I'm making a brand new, totally unique magnet for my car:


I just reserved my subscription for Racheal Ray's new magazine! That will be the first ever non-fashion, non-entertainment magazine I have ever subscribed to. I love 30 minute meals and she's such a fun person. Very perky, but somehow not at all annoying. I think it's the real person vibe she gives off. And the ease with which she creates quick versions of delicious dishes with commonly occurring ingredients.

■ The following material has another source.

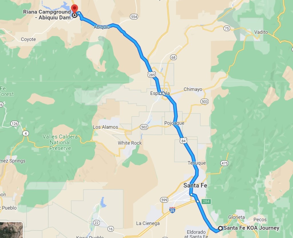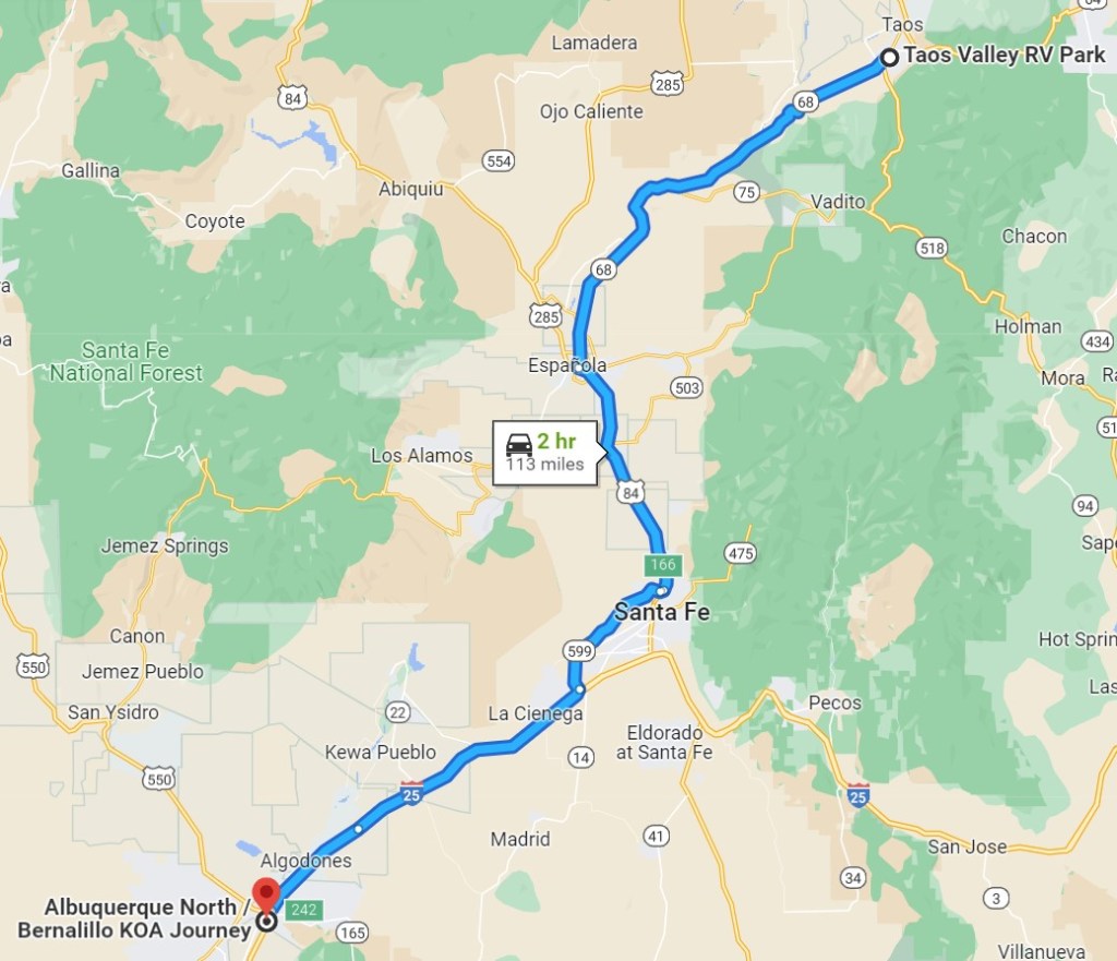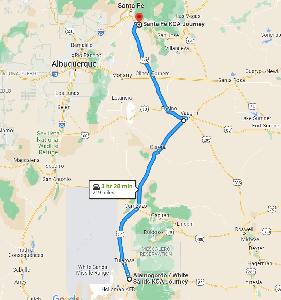 The highways on this 219-mile route to Santa Fe KOA were wide and well maintained. With a few stops along the way and decent cell phone signal, it never seemed too desolate. This route was at least 50 miles less than the alternatives which included I-25 through Albuquerque.
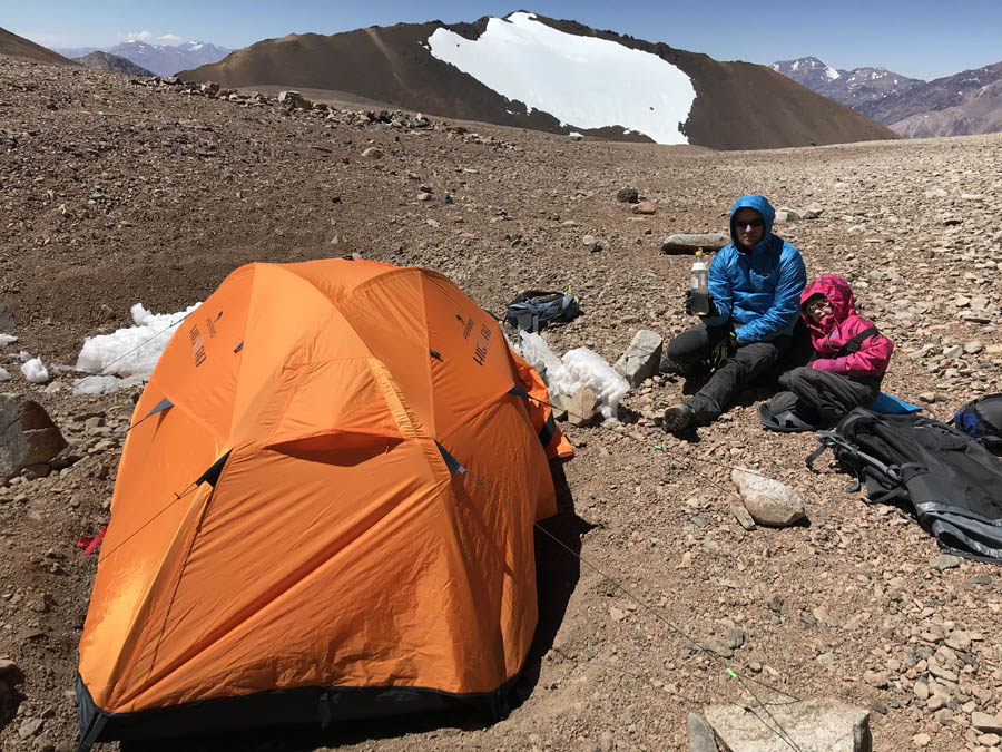 Во второй день мы поднялись на высоту 4200м, здесь уже закончилась зелень и Гуанаки и остались только камни, начались ледники. С утра и вечером воду было уже не набрать, но днем, когда солнышко выходило ручей от тающего ледника размораживался и живительная влага была в открытом доступе. Разбили лагерь и пошли прогуляться налегке до 4600-4800, и спустились в лагерь. Ночевка здесь уже была не очень комфортная голова болела у всех.

Apocalypse Now: Tomkat Edition

Is this the third or fourth sign that the end is nigh? I can't remember and I don't feel like locating a Bible to check.

Monday, October 03, 2005

Hmmmmm...I Should Put My Resume On Bush's Desk

Apparently, you don't need to have ever been an actual judge to become one of the most powerful judges in the land.

I Love Being Right

Serenity really was great, and all the people I made watch it enjoyed it. Plus all the people I subtly suggested should see it, went to see it and loved it too. You really don't need to be a hardcore Firefly watcher to enjoy yourself. All the people I recommended it to had little to no knowledge whatsoever of the series and thought it was fantastic. Good going Joss! If you haven't gone yet, get to the theater. You won't be disappointed.